After thousands of residents lined the streets to welcome President Trump in a torrential rain Wednesday, Mr. Buttigieg’s welcome was decidedly quiet, with little fanfare in the village of just under 5,000 residents. In his 2020, Mr. Trump won nearly 72% of the vote in this Republican-dominated region.

Democratic Rep. Chris Delgio, whose Pennsylvania district borders the derailment site, has called on Norfolk Southern to expand the boundaries of the geographic zones it provides financial support and testing. He argued that the current zone excludes many of the affected Pennsylvania residents and businesses, and the company should go beyond it to clean up to 30 miles (48 kilometers) of soil and water. said.

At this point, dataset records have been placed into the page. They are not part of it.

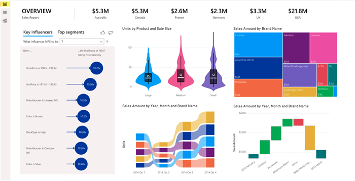 - You can create tables, charts, graphs, slicers, KPIs, cards, buttons, logos, icons, and more.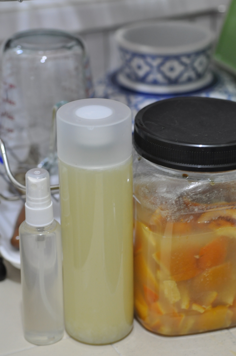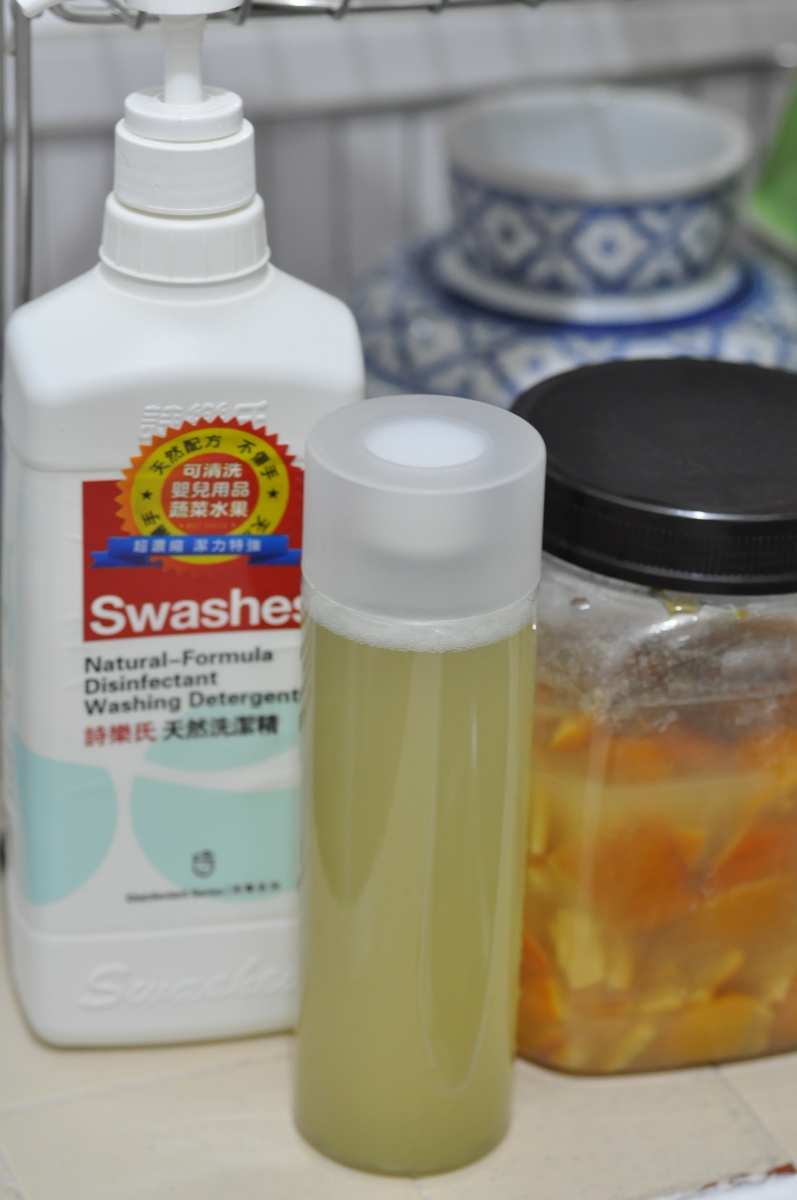 酵液及果皮放了入廁所內,清香有光澤。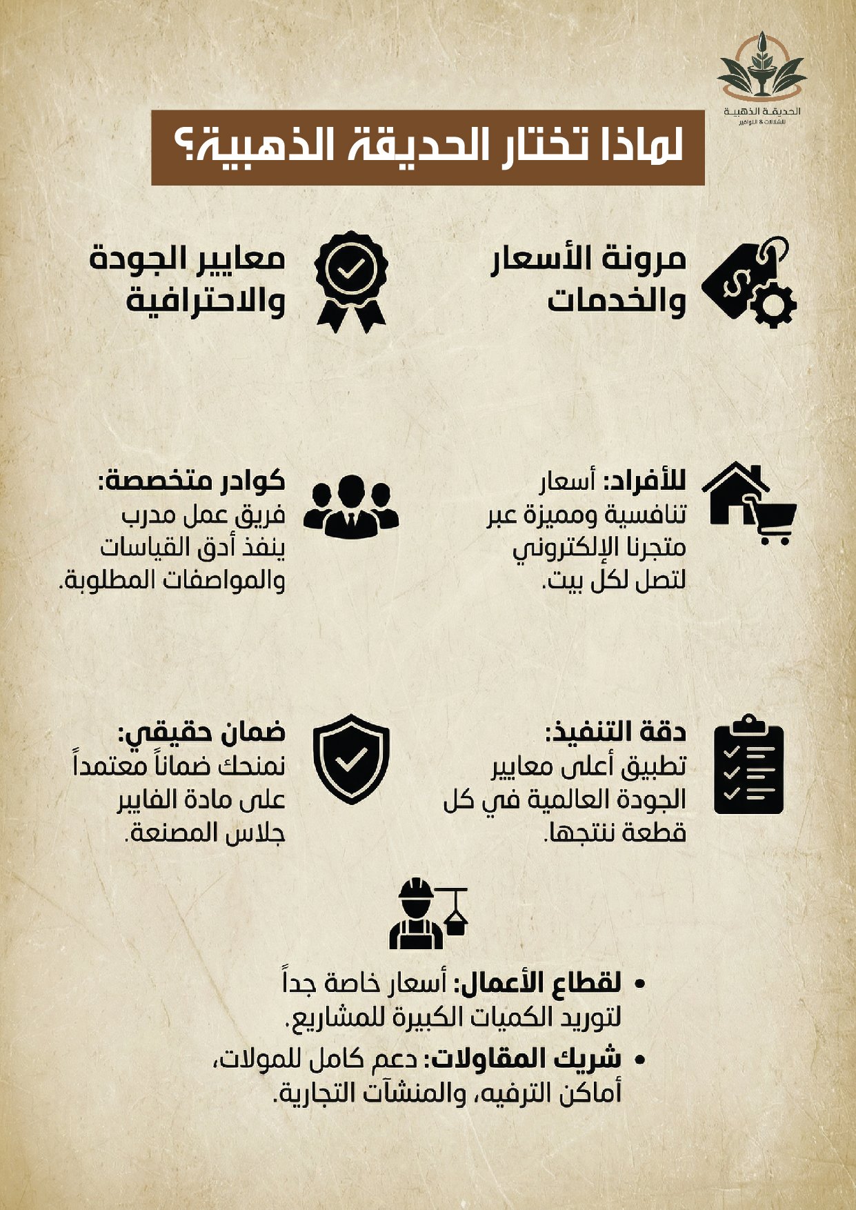 الحديقة الذهبية هو متجر إلكتروني تابع لمصنعنا متخصص في تصنيع ما يلي: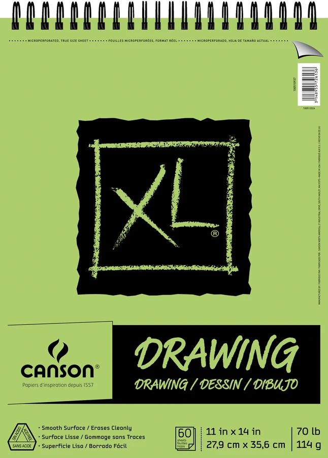 Canson XL Drawing Pad features 70 lb basis weight paper that can be used with graphite, charcoal, conte and color pencil. Pad measuring 11 x 14 inches contains 60 micro-perforated sheets for clean removal from the pad.

“Norfolk Southern has shown no commitment to rebuilding the trust that has been lost in our community,” Delgio wrote in a letter to the CEO of Norfolk Southern. By providing, “will help the company restore the sense of security destroyed by the Norfolk Southern derailment and its aftermath.”


Rubinkham reported from northeastern Pennsylvania and Malvihill reported from Cherry Hill, New Jersey. Associated Press writers Julie Kerr-Smith of Columbus, Ohio, and Chris Megerian and Hope Yen of Washington, DC contributed to this report.